The production is for about 4,000 days. No high permeability streak
is present in the model. Four cases were modeled to determine the
difference between the various types of in-situ barriers. The first
case was the base case without an in-situ barrier. In the second
case, a partial barrier is modeled having a permeability of 1md and
a relative permeability modifier is not present. In the third case,
a partial barrier is modeled having a permeability of 1md and a
relative permeability modifier is present. In the fourth case, the
in-situ barrier comprised a full barrier to the flow of fluids.
[0098] The resulting cumulative production values after about 4,000
days of oil and water (in millions of barrels or MMBBL) are: 28.8
MMBBL of oil and 11.2 MMBBL of water for the first case with no
in-situ barrier, 30.4 MMBBL of oil and 9.6 MMBBL of water for the
second case with an in-situ partial barrier, 30.7 MMBBL of oil and
9.3 MMBBL of water for the third case with an in-situ partial
barrier comprising a relative permeability modifier, and 30.7 MMBBL
of oil and 9.3 MMBBL of water for the fourth case with an in-situ
barrier comprising full barrier to flow. As one of ordinary skill
in the art would understand, this represents a significant increase
in the production of oil from the reservoir and a significant
reduction in the amount of waste water that must be processed and
disposed.
[0099] Therefore, the present invention is well adapted to attain
the ends and advantages mentioned as well as those that are
inherent therein. The particular embodiments disclosed above are
illustrative only, as the present invention may be modified and
practiced in different but equivalent manners apparent to those
skilled in the art having the benefit of the teachings herein.

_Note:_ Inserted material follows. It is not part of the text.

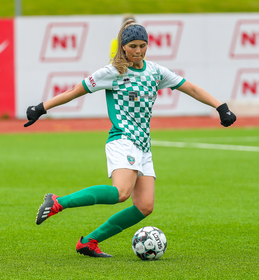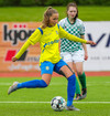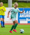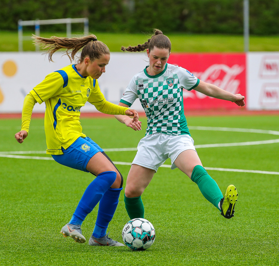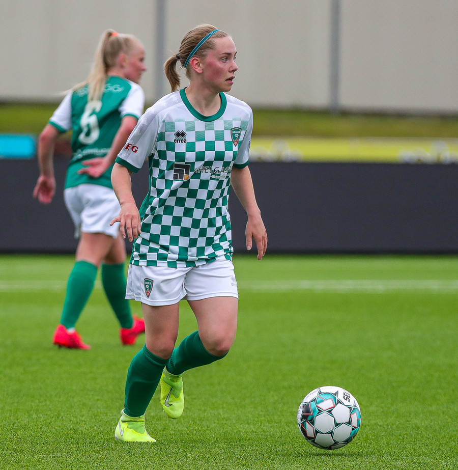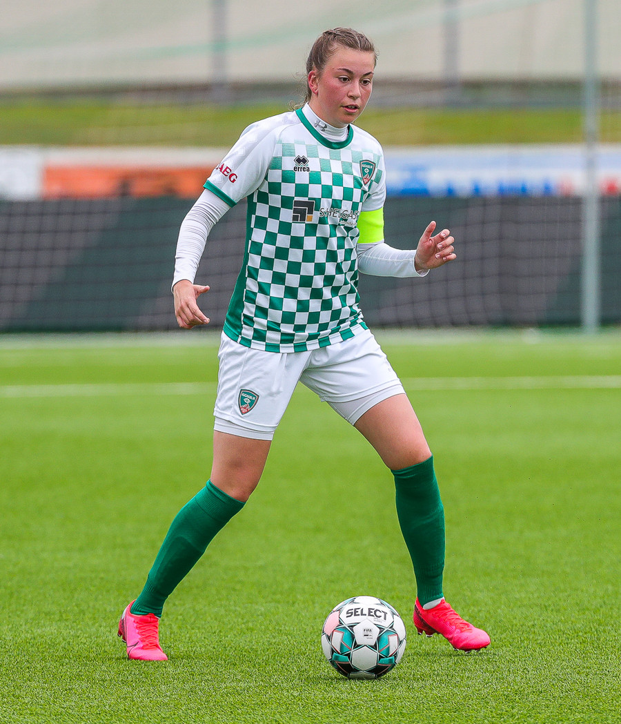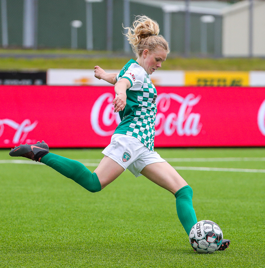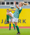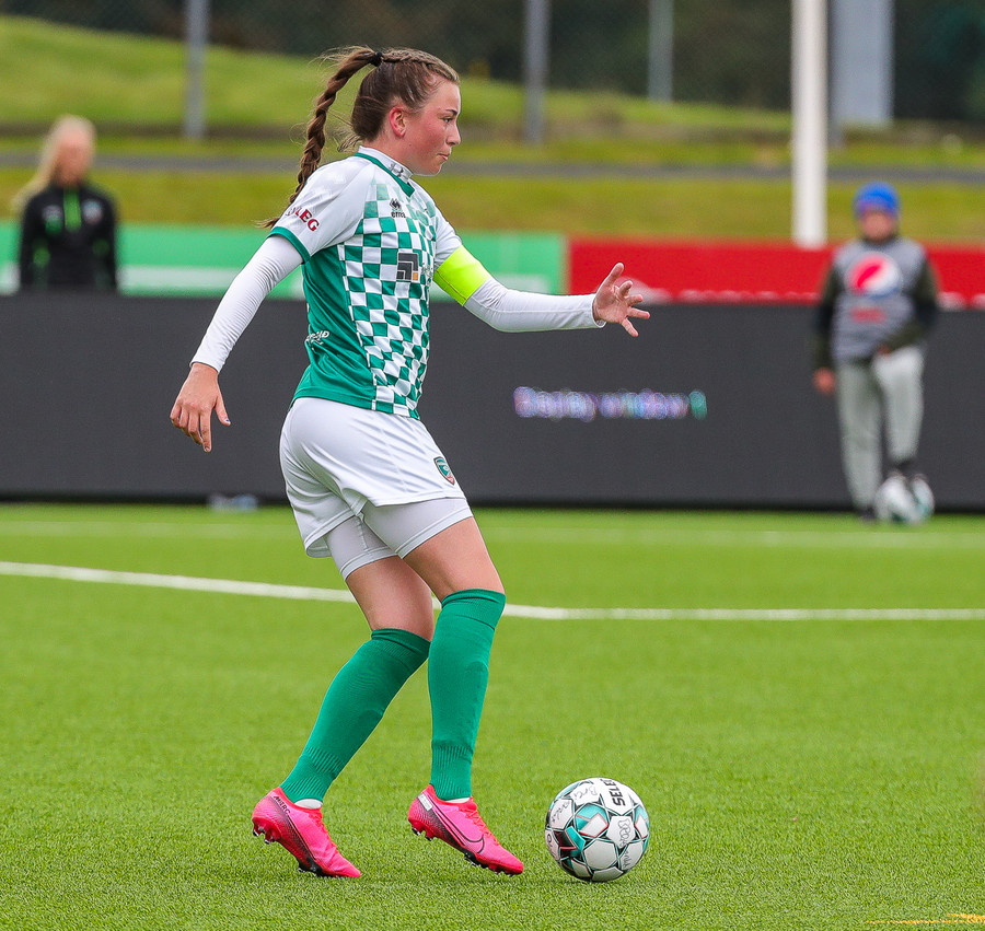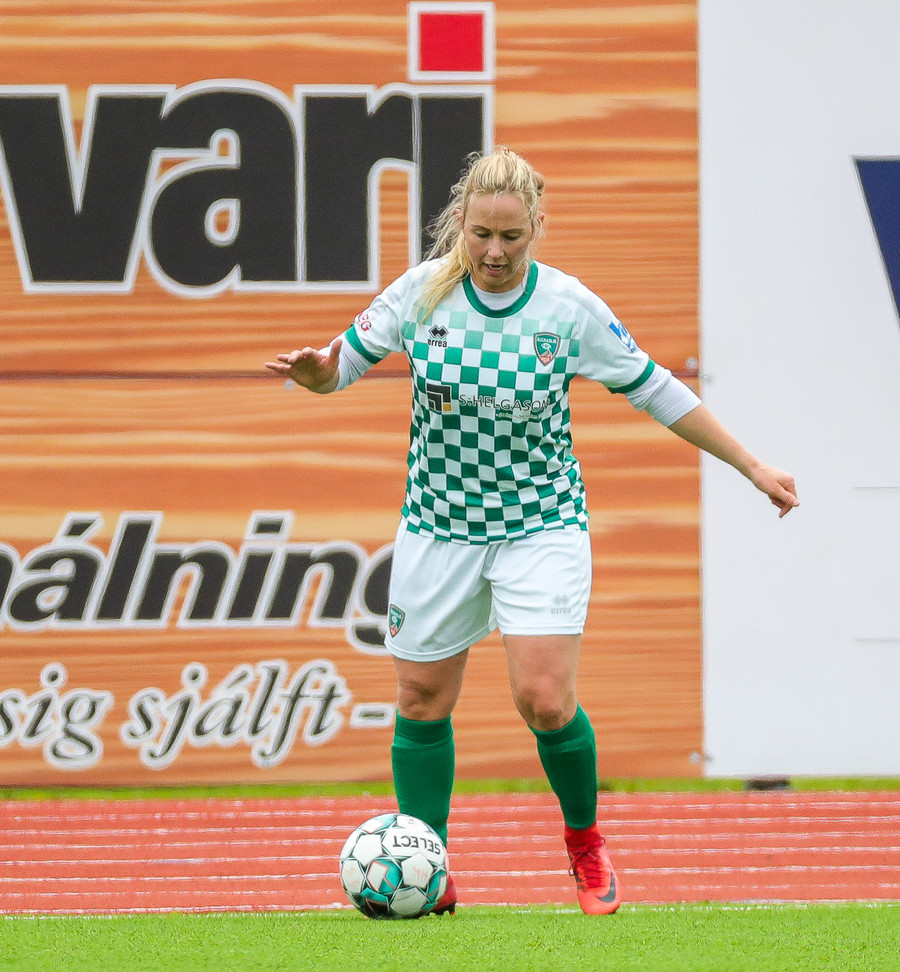 Vigdís fer illa með tvo varnarmenn en í staðinn fyrir að skjóta á markið reynir hún að senda til hliðar en samherji kemst ekki í boltann.

Furthermore, no limitations are intended to the details of
construction or design herein shown, other than as described in the
claims below. It is therefore evident that the particular
illustrative embodiments disclosed above may be altered or modified
and all such variations are considered within the scope and spirit
of the present invention. While compositions and methods are
described in terms of "comprising," "containing," or "including"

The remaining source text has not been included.